Richard LaGravanese wrote and directed "Living Out Loud," and as in his "Fisher King," he seems to relish in Impossible Relationships. He likes having scenes imbued with a sort of ethereal magic; shots linger on our characters, waiting for them to do something interesting, and thankfully, they almost always do. When DeVito propositions Hunter in the most logical way possible, it has shades of the dinner scene in "Fisher King" between Robin Williams and Amanda Plummer—you can't imagine it EVER working, yet that niggling 1 percent of your soul desperately wants to see it happen.
When firing on all imaginative pistons, LaGravanese can spin magic; drunk at what could only be a lesbian club, Holly Hunter wades through the crowd, touching, feeling—until all the dancers spin in tandem in a glorious display of synchronized sexuality. It's like a postmodern MGM musical, and God knows I'm a sucker for that kind of stuff.

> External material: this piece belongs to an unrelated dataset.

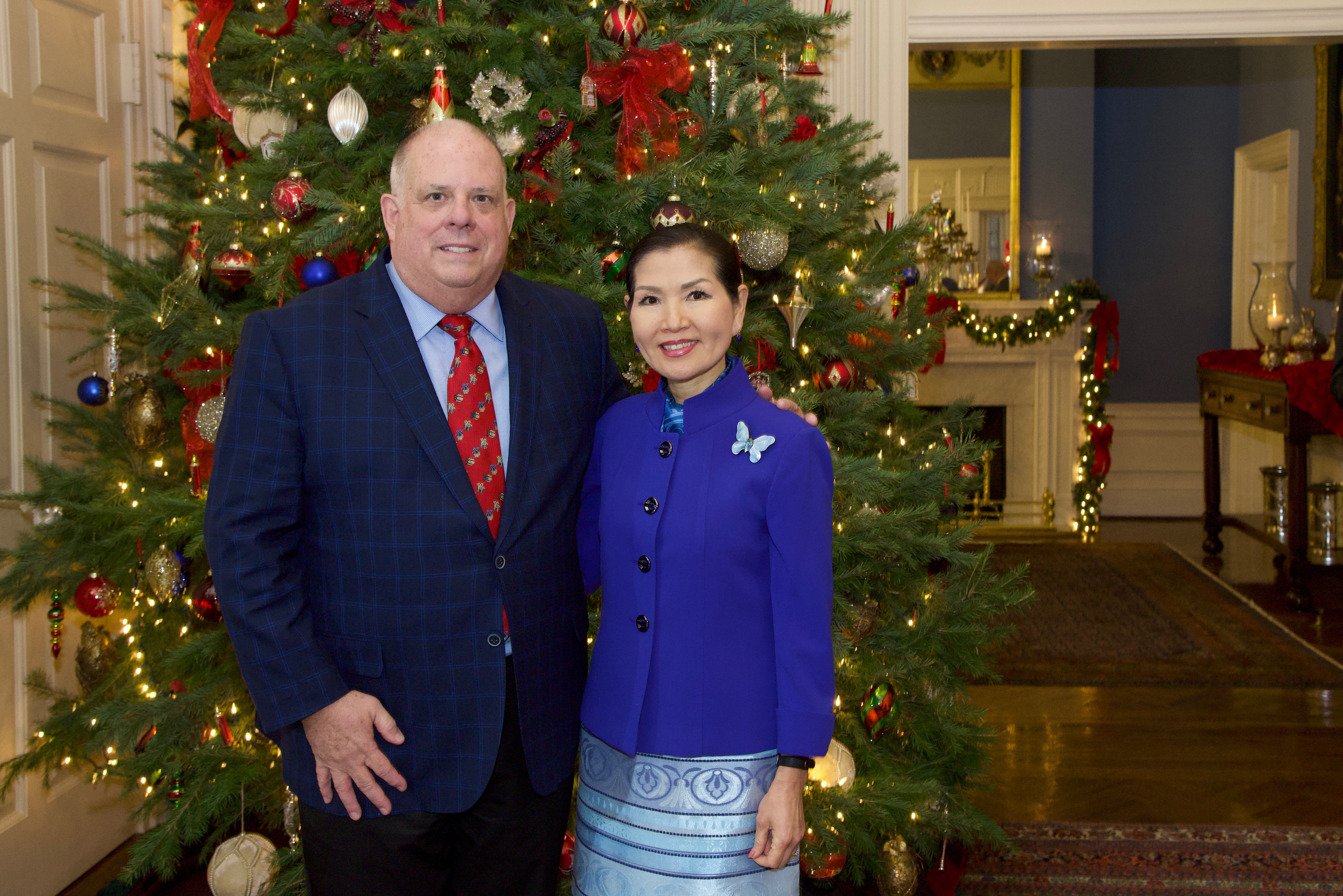 Governor Hogan and First Lady Yumi Hogan Host an Open House for State Employees by Richard Lippenholz, Joe Andrucyk at Government House, 100 State Circle, Annapolis MD 21401.
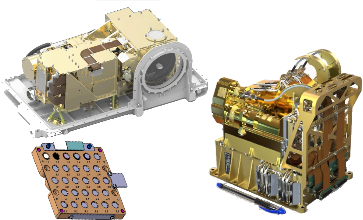 NASA Mars 2020 rover: Supercam-diagram

Still, there's something tepid about the whole thing; it's not quite a story. We get a good trip through the tightly coiled psyche of Hunter (who's terrific), but the emotions never pan out, and LaGravanese's vision of a woman finally freed of her loneliness doesn't quite have the catharsis you want. It's a salt-free treat, leaving you thirsty for a bit more intensity.